Clean public API: Pipeline, Stage, Handler, Result
Remove rivus-specific imports (lib/llm, lib/notify, etc.) — make them pluggable
CLI: pipeline run, pipeline status, pipeline reprocess --stage X
Minimal dependencies: SQLite, asyncio, click. LLM error classification as optional plugin.
Comprehensive test suite and documentation

Phase 2: Developer Experience (6–12 months)

Make it easy for others to adopt. A new user should go from pip install to running their first pipeline in under 10 minutes.

Web dashboard: real-time pipeline status, stale counts, error log, one-click reprocess
Quickstart templates: "scrape → extract → enrich" and "fetch → transcribe → summarize"
Plugin system for discovery (RSS, API polling, file watcher), error classification (LLM, rule-based), and storage (S3, GCS alongside local disk)
Schema migration tooling for jobs.db across versions

Phase 3: Scale & Ecosystem (1–2 years)

Address the single-machine limitation for teams that need distributed execution, while preserving the simplicity of the single-file model for solo developers.
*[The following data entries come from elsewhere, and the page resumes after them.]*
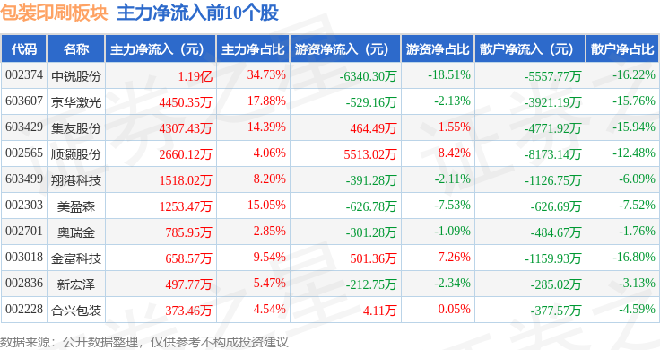 从资金流向上来看,当日包装印刷板块主力资金净流入8020.79万元,游资资金净流入4002.82万元,散户资金净流出1.2亿元。包装印刷板块个股资金流向见下表:
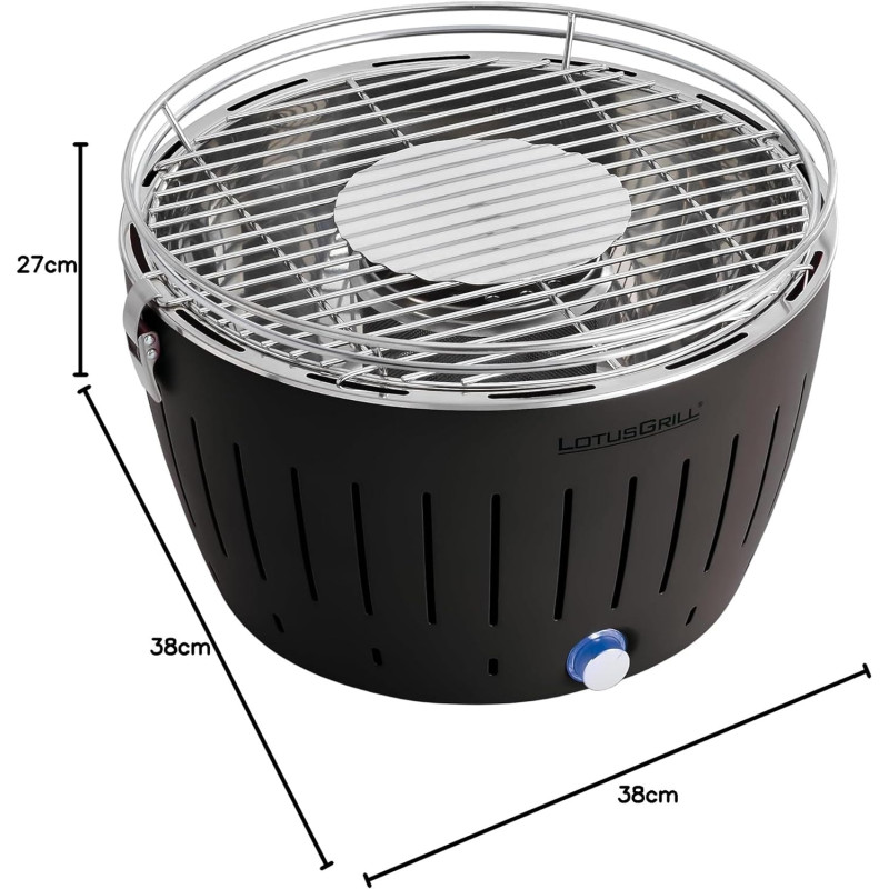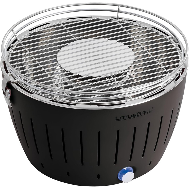 Il LotusGrill è un barbecue portatile dotato di una ventola alimentata a batteria, che soffia costantemente aria attraverso il carbone per accelerare il processo di accensione. Ciò consente al LotusGrill di essere pronto per l'uso in soli tre-quattro minuti. L'interruttore on/off non solo controlla la ventola, ma funge anche da regolatore di calore. Più aria viene soffiata, più la carbonella si riscalda.
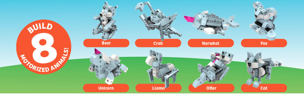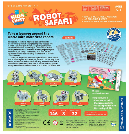 Build a series of adorable, motorized robotic animals with this introductory mechanical engineering kit for kids ages five and up. A beautifully illustrated 32-page storybook centers around the adventures of the omegas — the family of makers and engineers featured in other kids first early engineering kits. When Remus, the family’s robotic teddy bear, finds himself separated from the rest of his family, he embarks on a fun-filled safari adventure. Along the way, Remus encounters eight different robotic animals from all over the globe: A polar bear, Cat, Narwhal, crab, fox, baby llama, Unicorn, and sea Otter. As they follow the story, kids can build models of these robots and experiment with them to see how each one uses the battery-powered motor and mechanical parts to move in a different way. Large, cubic plastic building pieces make it easy for small hands to put the models together. Robot safari provides an engaging way to teach simple engineering concepts to young children, allowing parents, teachers, and caregivers to lay the groundwork for strong stem-related skills and comprehension at an early age. Model building and experiments develop fine motor skills, mechanical engineering skills, visual-spatial skills, and reasoning and concept development skills.
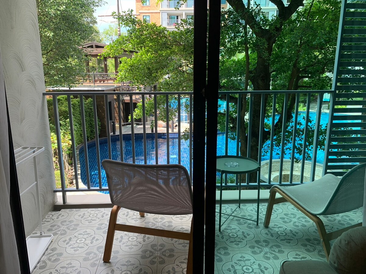 Escape to this stylish 39 m² ground-floor 1BR with private entrance and direct pool access. Relax on your shaded patio just steps from the water or unwind in the bright, modern interior with a king-size bed, smart TV, and fully equipped kitchen. Enjoy a spacious bathroom with walk-in shower, fast Wi-Fi, and air-conditioning. Perfect for couples or remote workers seeking comfort, privacy, and convenience in a peaceful, resort-style setting near Naiyang beach.
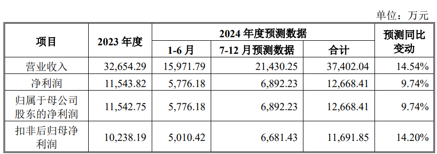 2024年度公司预测实现营业收入为37,402.04万元,同比增长14.54%;净利润/归属于母公司的净利润为12,668.41万元,同比增长9.74%;扣非后归母净利润为11,691.85万元,同比增长14.20%。
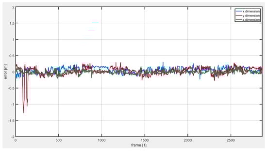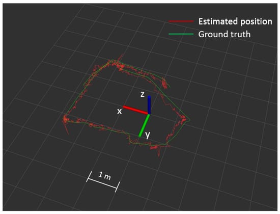Furthermore, we generated a 3D path using MATLAB, as shown in Figure 17, incorporating both the ground truth data and the estimated position. This path provided a comprehensive trajectory visualization, enabling us to analyze the overall performance of the system in tracking the UAV’s movements within the indoor environment.
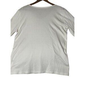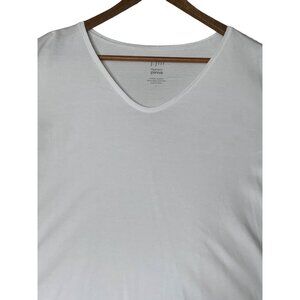 Pima Cotton Tee-Shirt Elbow Sleeve V-Neck White
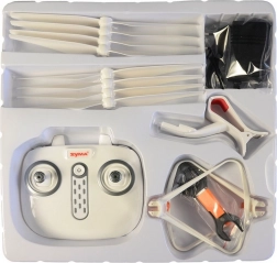 Pakken indeholder: drone, fjernbetjening, manual, skruetrækker, kortlæser, propeller, kamera, holder til mobiltelefon, beskyttelsesramme, oplader og nøgle.
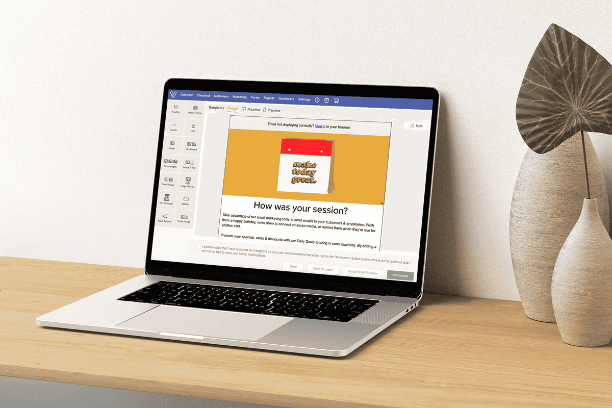 Vagaro’s Email & Text Marketing features are automated and incredibly intuitive. The marketing campaign builder uses a drag-and-drop method, allowing for customization and ease of use. You can create a completely custom list of recipients, or automatically mass distribute to your clientele before & after appointments.
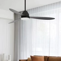LED-loftventilatoren Harisa er designorienteret og scorer også med sin funktionalitet. Huset er fremstillet af jern og aluminium, mens de tre blade er fremstillet af polycarbonat. Ventilatoren har fast installerede lysdioder, der udsender varmt hvidt lys.
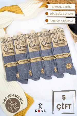 5'Li Kışlık Thermal Etkili İnce Örgülü Çorap Lambswool Yünlü (Kuzu Yünlü)
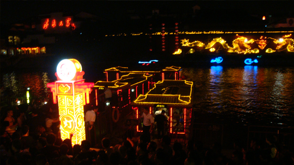秦淮河的水既是動(dòng)的,也是靜的,一波一波的蕩漾著,印襯一個(gè)個(gè)樓臺(tái)畫舫,在繁華夜景下如燈如墨,恬靜且委婉(如果沒(méi)有這么多游人的話)。
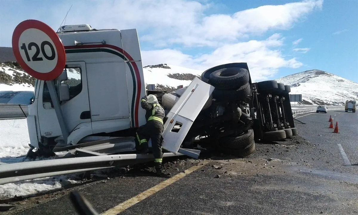 Debido al accidente, permanece cortada esa zona de la autovía a la espera de la retirada del camión.
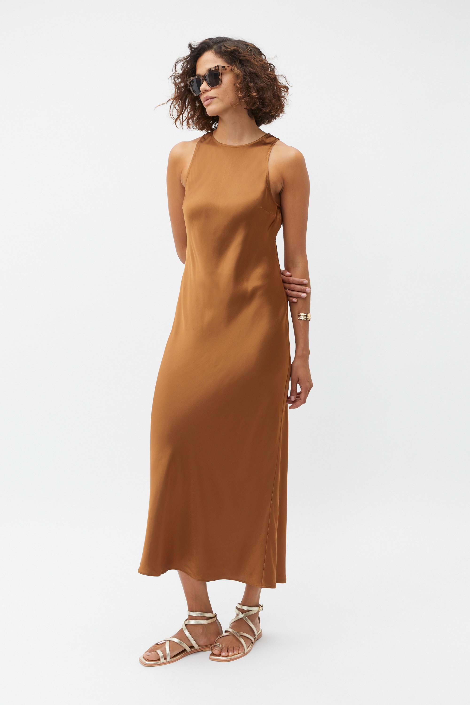 Satin Bias Racer Dress  Cinnamon Spice  hi-res Satin Bias Racer Dress  Cinnamon Spice  hi-res Satin Bias Racer Dress  Cinnamon Spice  hi-res Satin Bias Racer Dress  Cinnamon Spice  hi-res
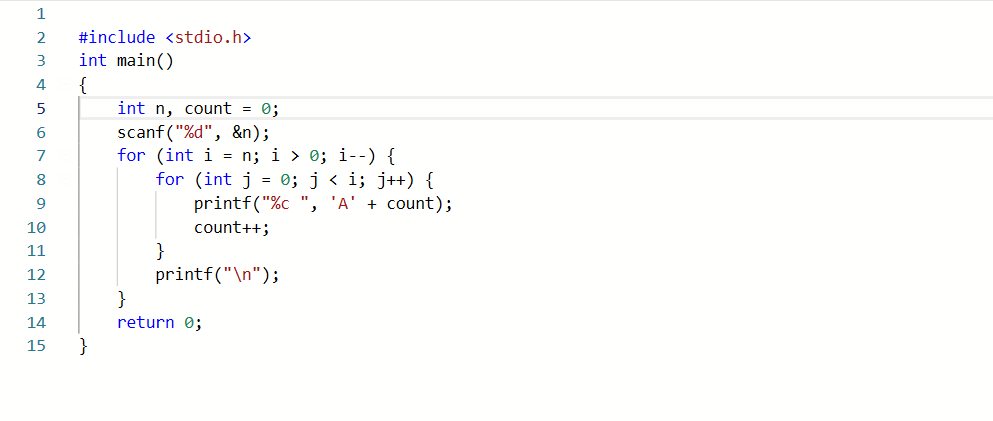 定义了n来表示输出的行数;count用来表示字母的累加;

Optional distributed mode: PostgreSQL backend + worker processes (SQLite remains default)
Multi-machine coordination via shared resource registry
Integration with Dagster/Prefect as a "stage backend" — use their scheduling, our per-entity tracking
Community handler registry: share reusable stages (YouTube transcription, web scraping, LLM extraction)

Why it compounds

Each improvement to the framework benefits all pipelines simultaneously. Better error classification → fewer false pauses across 12 pipelines. Better version tracking → zero stale results slip through. Better caching → faster prompt iteration for every LLM stage. This is the compounding property: investing in the framework infrastructure has multiplicative returns as the number of pipelines grows.

North star

A world where building a research pipeline is as simple as writing a function per stage and declaring the pipeline in YAML. The framework handles entity tracking, versioning, staleness, retries, cost control, and observability. You focus on what each stage does — the framework handles everything else.